Scott Monty - Strategic Communications & Leadership Advisor

Scott Monty - Strategic Communications & Leadership Advisor

The Return of Marcus Sextus by Pierre-Narcisse Guérin, 1799 (Wikimedia Commons - public domain)

“So the universe is not quite as you thought it was. You’d better rearrange your beliefs, then. Because you certainly can't rearrange the universe.” — Isaac Asimov, 1941

Part of being a leader — or frankly just part of life — is understanding that things don’t always go as planned.

Case in point: I was going to be a doctor.

If it wasn’t for that science thing.

More on that, plus four things to know when preparing for disruption, after this story.

David had to make some changes to his life as well, altering a course that had been set out for him by his parents.

His father was cold and distant — a man who valued his reputation above all else, including the happiness of his family. He believed in duty first, and keeping his word.

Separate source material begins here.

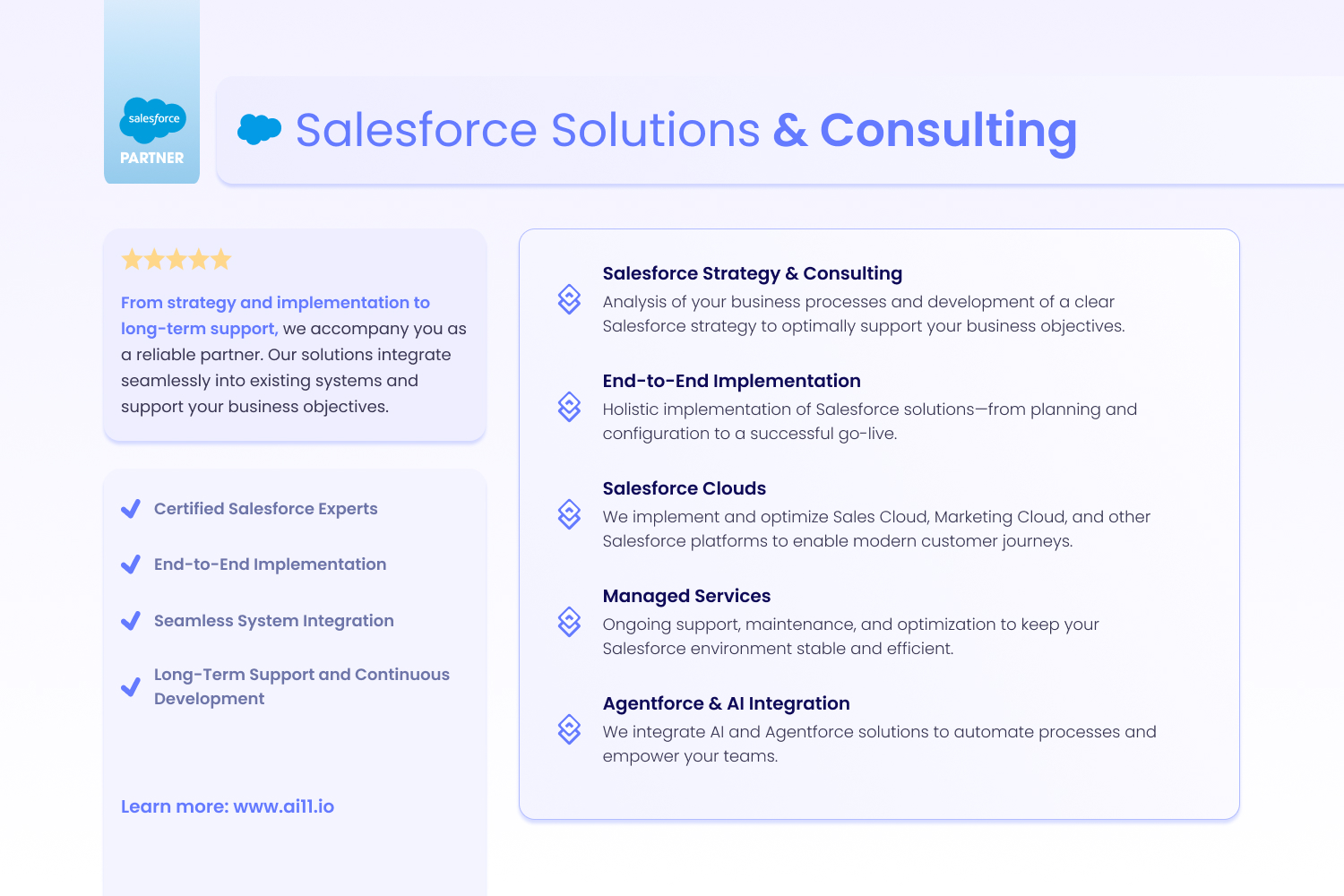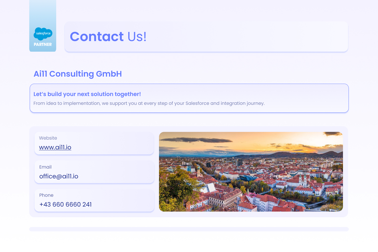About Ai11 Consulting GmbH We believe in continued growth and development for all, which is why as a Salesforce Consulting Partner, we strive to help businesses expand by optimising digital processes and customising solutions.####To ensure this process is seamless, our experienced team will ask the right questions, assess your business needs, provide effective solutions based on proven customer success, and then together execute the implementation.####The relationship with our clients is very important to us, that is why we always base it on trust, transparency, and open communication. We operate both locally in the Austria, Germany and Switzerland as well as internationally. ####Helping businesses to achieve and exceed their goals is at the heart of what we do, which makes us the ideal cloud strategy partner regardless of where you are in the world.####We offer the following key services:##· QuickStart Programs to get up and running on Salesforce in weeks##· Consulting and Implementation for Complex Multi-platform Environments##· Integrations to and from any Open Systems##· Force.com and Apex Application Development##· Post-Implementation Support Programs##· Consulting for API Strategy and MuleSoft Implementation

David’s grandfather was more closely aligned with David’s own personality. He was a man who knew how to live life to its fullest: he enjoyed the outdoors, was an avid sportsman, a gourmand, and a ladies man. David emulated him.

He stayed out all hours, wore garish clothes, and kept company with less than desirable people. Nor did he take any pains to hide it; to him, this was who he was — not the cold, old-fashioned and emotionless persona prescribed for him.

As you can imagine, it got back to his father, who was less than pleased. Didn’t David understand how this reflected on him and his family? Didn’t he know that in his time, one doesn’t stray from the world of arranged marriages and predestined career paths?

David didn’t care, nor could he hold back any longer. He knew that it wasn’t the life he wanted, consequences be damned. And he said so, breaking his father’s heart in the process.

Indeed, the old man died not long after hearing it. Fortunately, he didn’t live to see what could come next: David left the family business and eloped with the woman whom his father had said disgraced the family name.

David did alright for himself, earning a reputation as a man who valued love over duty. A man who gave up everything for the woman he loved.

You see, David was Edward Albert Christian George Andrew Patrick David Windsor — the second monarch in the House of Windsor, who served as King Edward VIII for one year, abdicated the throne before his coronation, becoming the Duke of Windsor and then marrying the twice-divorced Wallis Warfield Simpson.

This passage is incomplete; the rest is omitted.